Equilibrium calculations

TRANSP can either use magnetic equilibrium input data or evolve the poloidal current diffusion.

In interpretive mode, TRANSP supports three options for advancing its representation of the plasma MHD equilibrium in time, determined by the choice of the LEVGEO variable in the input namelist.  Selecting LEVGEO=8 instructs TRANSP to read in equilibrium profiles computed by an external code, performing interpolation in time as necessary, and not to recompute the equilibrium itself. LEVGEO=11 invokes the fixed-boundary inverse equilibrium solver TEQ (originating from LLNL’s Corsica transport code) to solve for the equilibrium at each geometry timestep given the pressure and q profiles and the value of $R B_{toroidal}$ at the boundary.  The edge q is adjusted iteratively to match the total plasma current.  TEQ requires an existing inverse equilibrium solution for a given device as an initial guess for its calculation; nearly 40 devices are currently supported, and new ones can be added by the TRANSP developers on request.

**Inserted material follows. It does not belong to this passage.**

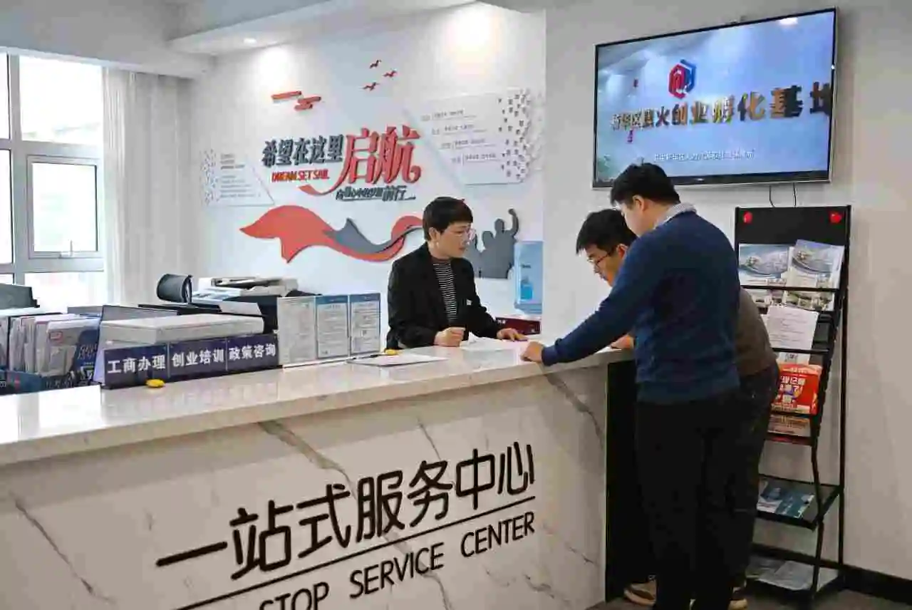 石家莊市新華區(qū)奧火創(chuàng)業(yè)孵化基地工作人員在為創(chuàng)業(yè)者辦理業(yè)務(wù) 牟宇 攝
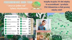 Podsumowanie Książka “Jeszcze jeden rok” Sylwii Markiewicz zakończyła swoją podróż po Polsce. Teraz zostało nam powspominać opinie oraz obejrzeć zdjęcia, które nadesłały czytelniczki. A my z przyjemnością czytałyśmy wasze opinie i wyszukiwałyśmy cytatów do podsumowania. Bardzo nas cieszą liczne komentarze w książce oraz wpisy w pamiątkowym zeszycie. Książka wraz z zeszytem powróciła do autorki Sylwii Markiewicz. Książka przemierzyła 3 761 km, na co potrzebowała 315 dni…. Czytaj dalej

Finally, setting LEVGEO=12 instructs TRANSP to use the ISolver free boundary solver to advance the equilibrium. ISolver maintains a detailed model of the geometry and material characteristics of the poloidal field coil set for each device for which it is run, and can either perform a least-squares fit for the PF coil currents to match a prescribed plasma boundary; or solve a circuit equation incorporating coil current data, feedback circuits, and induced vessel currents, with the shape of the plasma boundary computed self-consistently. ISolver can also advance the q profile self-consistently instead of using TRANSP’s poloidal field diffusion equation, enabling modeling of the inductive coupling of the coils and vessel to the plasma.